Can you provide me with an example uniquefield field value that has the issue so I can inspect?

regnans commented 4 years ago

Here are some examples of different combinations. 2018-03-26_65 has a leaf_spectra and leaf_gas_exchange trait. 2018-03-29_17 has a leaf_spectra, and both leaf_traits and leaf_gas_exchange.

serbinsh commented 4 years ago

@jrmerz and thoughts or updates on this? Let us know if we should re-structure or modify to make the data better match expectations. We are working on getting the data published so we do expect needing a DOI and finalize version at some point in the future. Just not clear at the moment how we move forward

serbinsh commented 4 years ago

...we will also have another similar dataset to upload soon so if there is anything we can learn from this to make that one go more smoothly, that would be good to know. thanks!

jrmerz commented 4 years ago

Sorry, this slipped my plate. What's the title of your dataset? It looks like you removed it.

jrmerz commented 4 years ago

Nm, found it, just top link was wrong

serbinsh commented 4 years ago

Thats weird because i just looked again and the ID comes up as: 5090905b-176c-4d17-bf60-59a69939eea6. is that what worked for you as well? I think this matches the ID above? Oh maybe it was public and we pulled it back private and the older public link is broken?
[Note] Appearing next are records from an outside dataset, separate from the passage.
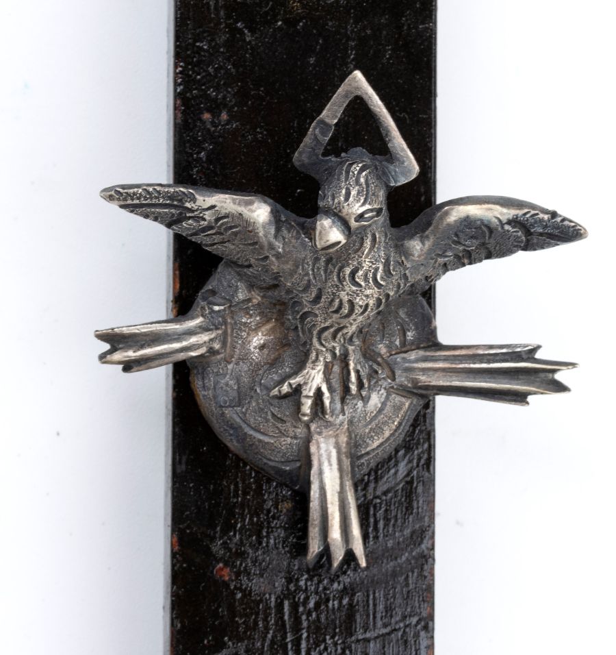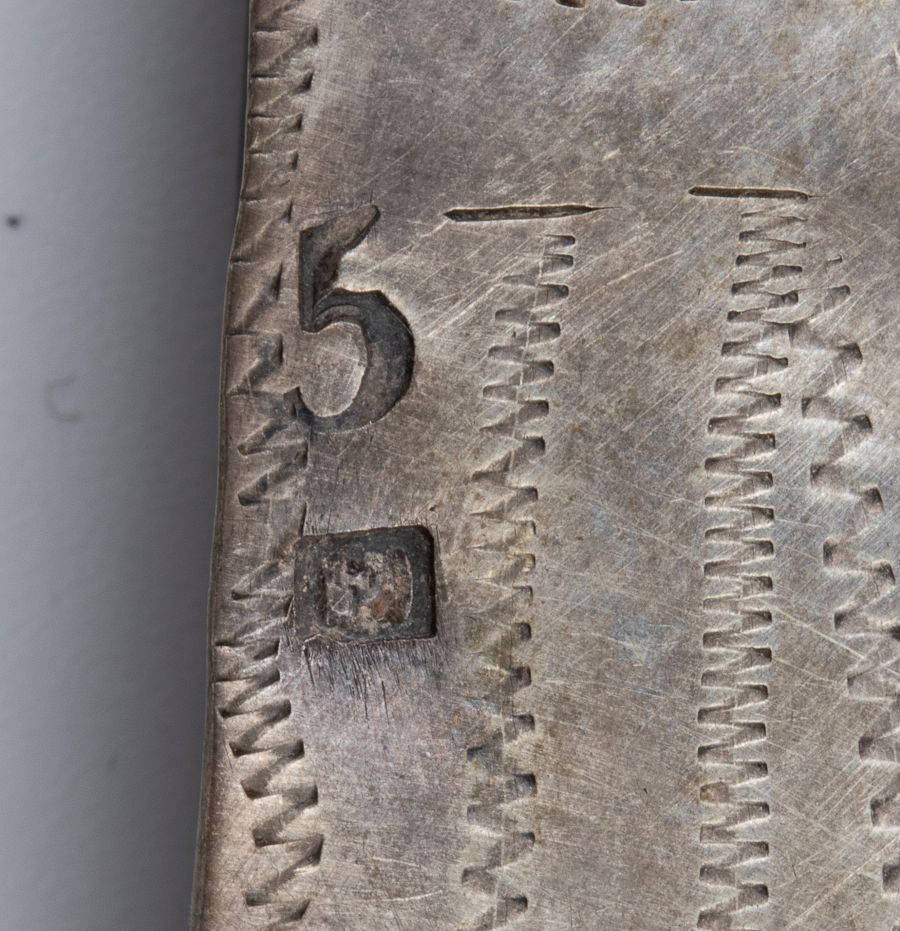 Punzonato sul Cristo, sul cartiglio e sui terminali con i marchi in uso alla corporazione degli orefici di Napoli dal 1808 al 1824 per gli oggetti in argento al titolo di 834/1000, rappresententato dalla "testa di Partenope vista di prospetto" seguita dal numero 5 e sulla colomba con il marchio in uso alla corporazione degli orefici di Napoli dal 1824 al 1832 per gli oggetti in argento al titolo di 10 once pari a 833/1000 ed 1/3 rappre3sentato dalla "testa di Partenope vista di profilo con il numero 8".
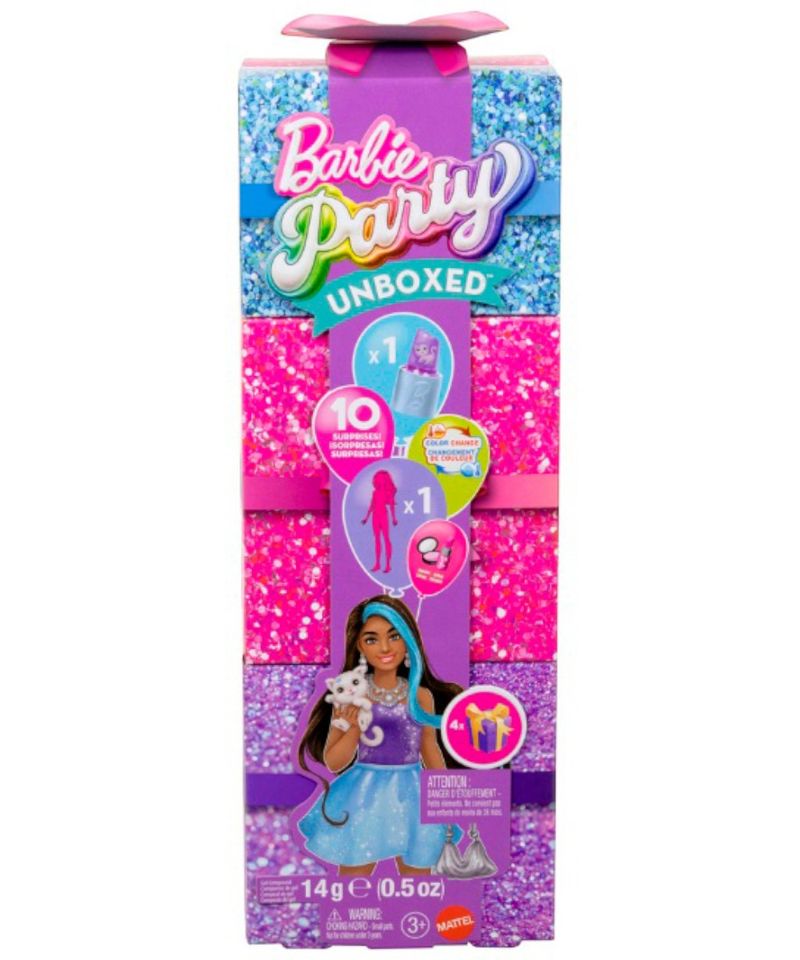 Las muñecas Barbie Party Unboxed Pet Birthday Series llegan llenas de diversión y sorpresas para celebrar cumpleaños inolvidables. Cada set incluye una muñeca Barbie con accesorios temáticos y una adorable mascota para acompañar la fiesta. Entre las opciones disponibles están los sets Party Stars, Shimmerin’ Hearts y Birthday Bows, cada uno con 10 sorpresas que incluyen ropa, accesorios y detalles festivos únicos para crear historias y momentos especiales. Perfectas para niños y niñas que aman la moda, las mascotas y la diversión en cada celebración. Cada muñeca se vende por separado y está sujeta a disponibilidad. Colores y detalles pueden variar.
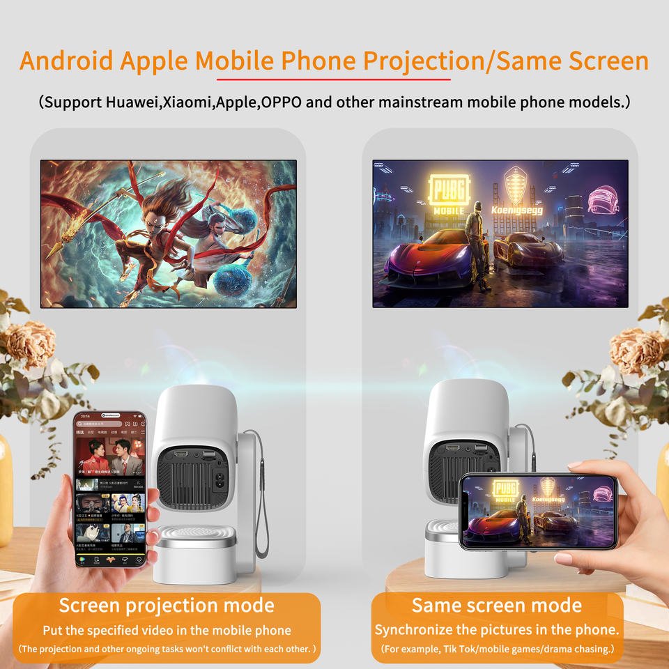 Nuevo Proyector de Cine en Casa Portátil Inteligente Android 13 LED 5000 Lúmenes 1080P con Enfoque Automático, Diseño con Correa de Transporte y BT5.0
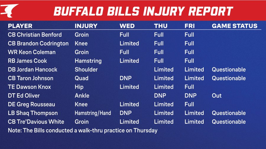 TE Dawson Knox; Listed with a hip issue this week. This is a designation he has had at several points in his career, which makes it unclear whether it’s a new injury or a lingering concern. He practiced limited Wednesday and Thursday but returned to full participation Friday. Knox is coming off a game where he logged 48 snaps (56%), slightly outpacing fellow TE Dalton Kincaid, who finished with 43 snaps (51%).
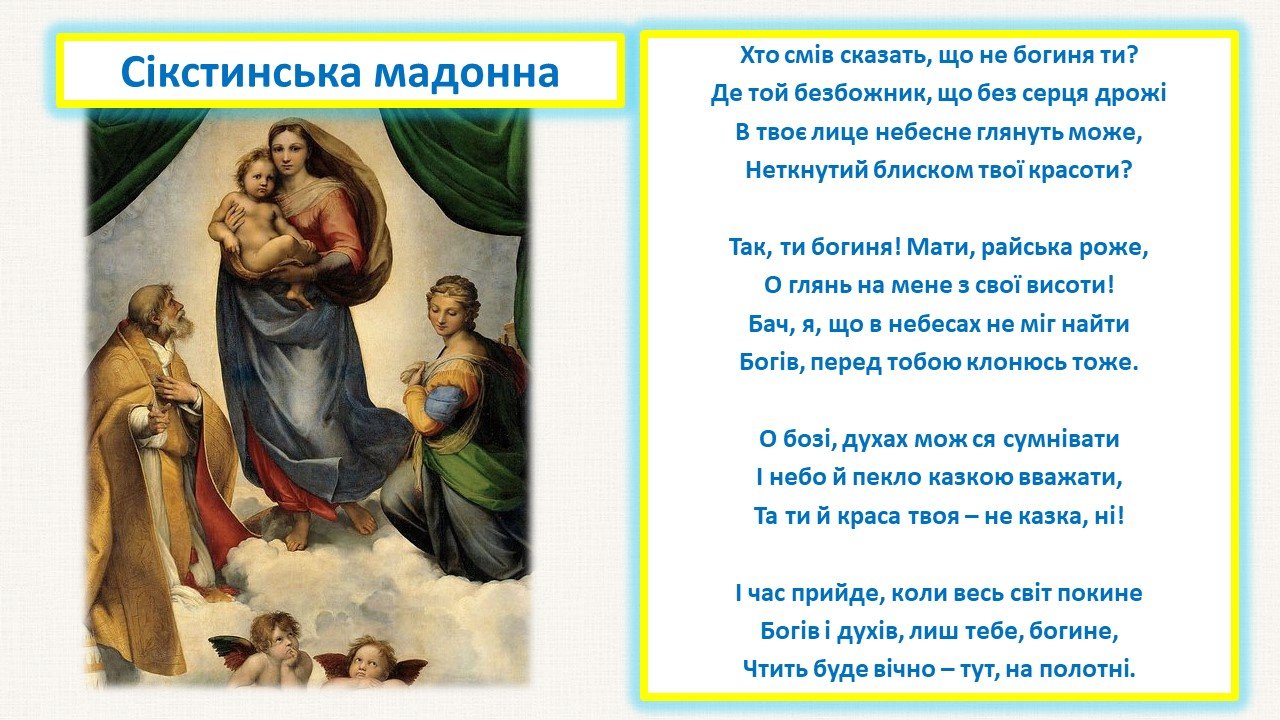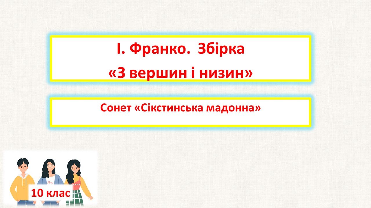 І. Франко.Збірка «З вершин і низин». Сонет «Сікстинська мадонна»

jrmerz commented 4 years ago

Let's get on the same page, please provide the link to the dataset you wish me to look at and is described in the issue above.

serbinsh commented 4 years ago

@jrmerz Its the same ID I just noted

https://data.ecosis.org/dataset/hyperspectral-leaf-reflectance--biochemistry--and-physiology-of-droughted-and-watered-crops

https://data.ecosis.org/import/?id=5090905b-176c-4d17-bf60-59a69939eea6

ID: 5090905b-176c-4d17-bf60-59a69939eea6

Does that help to clarify?

jrmerz commented 4 years ago

Thanks @serbinsh it's a bug with EcoSIS. Has to do with the mapreduce query when a dataset is pushed. Give me a day or two to test and verify fix. I'll let you know when things are good to go.

On your end, once the fix is added to production, you will just need to re-publish the dataset.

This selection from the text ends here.